The Arab colonization of the Middle East and North Africa is not ancient history confined to textbooks. It is the living, breathing political reality of the modern region. From the seventh century onward, Arab armies swept out of the Arabian Peninsula and conquered – by sword, not by invitation – populations that were Amazigh in North Africa, Coptic in Egypt, Aramaic in Syria, Chaldean in Iraq, and Phoenician in Lebanon. These populations did not choose Arabic. They did not volunteer for Islam.
They were conquered, administered, taxed under the jizya, linguistically absorbed over centuries, and culturally replaced so thoroughly that today they are called “Arab countries” – as though the Arabness were indigenous rather than imperial. The Amazigh of Morocco and Algeria, who inhabited North Africa for thousands of years before the first Arab horseman crossed the Sinai, are still fighting for the right to speak their own language in their own schools in their own homeland.
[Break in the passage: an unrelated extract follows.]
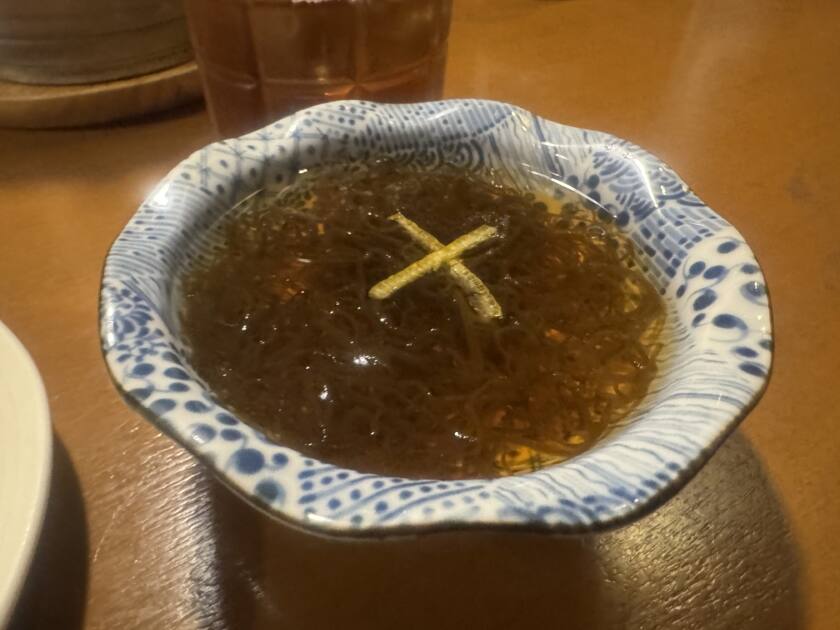 もずく酢ととうもろこしの天ぷらです。もずく酢は400円であまりにも少ない量でした笑

The Copts of Egypt, direct descendants of the pharaonic civilization, are treated as a minority in a country their ancestors built. The Maronites of Lebanon, the Assyrians of Iraq, the Nubians of Sudan – every one of these populations predates the Arab conquest, and every one of them has been demographically marginalized by it. This is not postcolonial theory. This is the definition of colonialism, applied consistently, without ethnic exemption.
The Arab world demands Palestinian self-determination while denying self-determination to Kurds, Amazigh, Copts, Nubians, Baluch, and every other minority that asks for the same thing inside Arab borders.
The Arab world does not deny this history. It does something far more effective: it ignores it. It has constructed a doctrinal edifice in which colonialism is something that only Europeans do, in which indigeneity is something only Arabs possess, and in which the Jewish presence in the land of Israel – a presence older than Arab civilization itself – is recast as foreign intrusion.
And until the Arab world summons the honesty to look at the mosque sitting on top of someone else’s temple and call it what it is, its accusations of colonialism will remain what they have always been: the largest act of projection in human history – an entire political order accusing others of the very crime it perfected.